Mes influences sont assez éparses. Mon travail a été nourri par des artistes qui font du dessin d’humour et des grands illustrateurs comme Roland Topor, Chaval, Tomi Ungerer, ou encore Claude Ponti. Mais je n’ai pas vraiment de références en bande dessinée car je n’en lisais pas avant d’en faire. Aujourd’hui, je continue à m’intéresser à tout ce qui se situe un peu dans la marge, à mi-chemin entre le dessin contemporain, la BD, la jeunesse… Comme les éditions du Frémok, ou la revue Lagon, qui sera exposée au Centre Pompidou. Des petits tirages, avec un travail sur le livre en lui-même, l’impression, la reliure… Ce qui m’intéresse c’est quand le médium est questionné, quand la forme est réinventée et quand un livre me déstabilise parce que je ne sais pas exactement ce que c’est.

Lire © Marion Fayolle, 2023

En littérature, il y a des figures emblématiques qui sont importantes pour moi, comme Marguerite Duras, Romain Gary, ou encore Annie Ernaux et Marie-Hélène Lafon.

Et j’explore la littérature contemporaine avec appétit. Je lis assez peu de poésie mais j’adore Richard Brautigan. Je le relis souvent dans des moments d’attente, même si je le connais par cœur. C’est quelqu’un qui m’accompagne depuis assez longtemps.

Vous écrivez, vous dessinez… Est-ce qu’il y a un domaine que vous aimeriez encore explorer ?

Je suis attirée par la scène, mais aussi le cinéma, la réalisation. Mais ce qui me freine un peu pour l’instant, c’est la présence des autres. Je n’ai jamais travaillé avec des grosses équipes. Dans la littérature ou la bande dessinée, quand on a une idée, ça prend forme tout de suite : il y a un rythme très instantané, avec peu d’empêchements de l’extérieur. Que ce soit dans le théâtre ou le cinéma, c’est un rythme de travail très différent, avec beaucoup de contraintes.
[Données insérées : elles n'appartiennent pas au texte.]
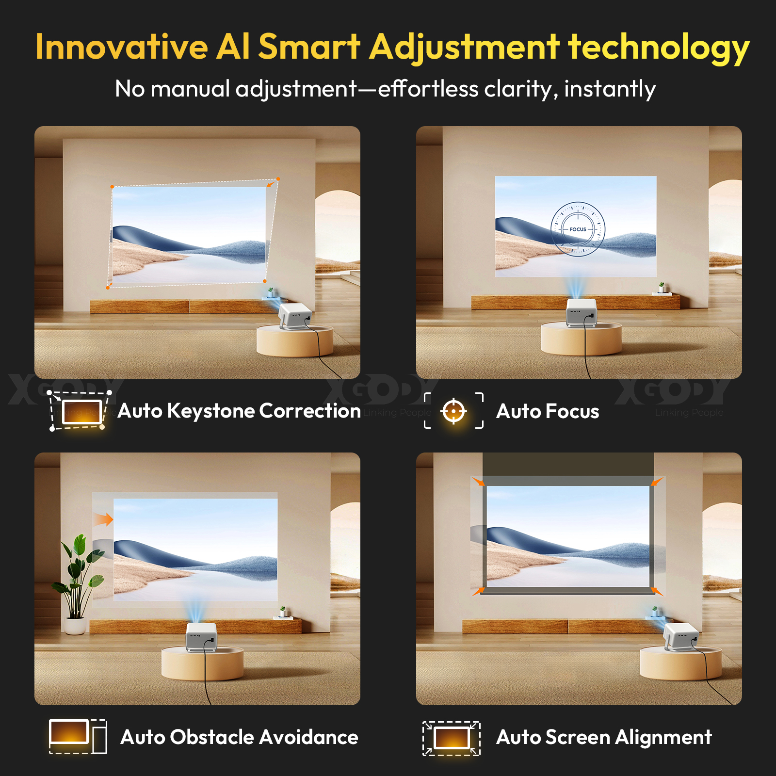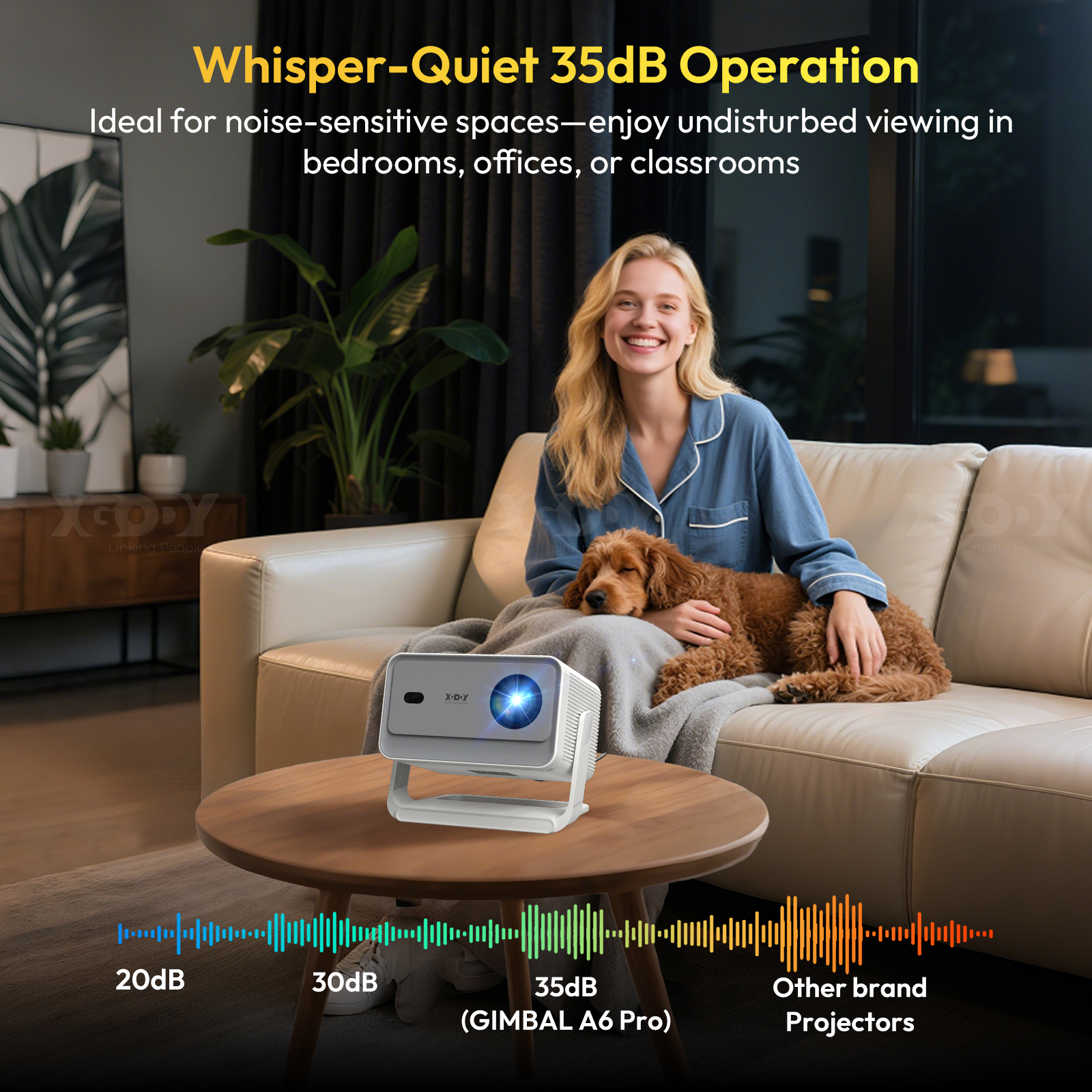 The Gimbal A6 Pro home theater projector is a true 1080p Full HD projector with a resolution of 1920 x 1080 pixels and 4K support. It offers 25,000 lumens and a high contrast ratio of 10,000:1. Thanks to HDR10 high dynamic range video decoding, image details are more vividly displayed. 4K videos can be played directly, ensuring richly detailed presentations. Whether indoors or outdoors, a first-class HD projection experience is guaranteed.

Mais ce qui me manque dans le livre, c’est la voix. C’est de plus en plus important dans mon travail. J’ai passé beaucoup de temps à dessiner en écoutant la radio ou des livres audio. J’ai appris à travailler avec des voix qui me tiennent compagnie. Pour savoir si mon texte me plaît, je le lis, je l’enregistre, je l’écoute… et je retravaille. En ce moment, je fais des lectures à la Maison de la Poésie, et je suis très contente de pouvoir faire écouter mon texte de cette manière-là, parce qu’il a été travaillé ainsi.

Dans votre installation à la Galerie des enfants, comme sur scène, le textile est très présent. Est-ce aussi un moyen pour vous de matérialiser vos textes ?

Visuellement, le textile ressemble à du papier, il y a une trame… Et on peut s’habiller avec, l’enrouler autour de soi, le plier… Très vite, ça permet de prendre du volume, d’avoir des images à l’échelle du corps, alors qu’en temps normal je travaille à l’échelle miniature. J’ai l’impression que c’est ce qui trahit le moins le passage du livre en volume. Si on essaie de faire un personnage moulé par exemple, on s’éloigne trop, alors qu’imprimé sur un grand châle, le dessin prend une autre dimension tout en restant ce qu’il est à la base : une page.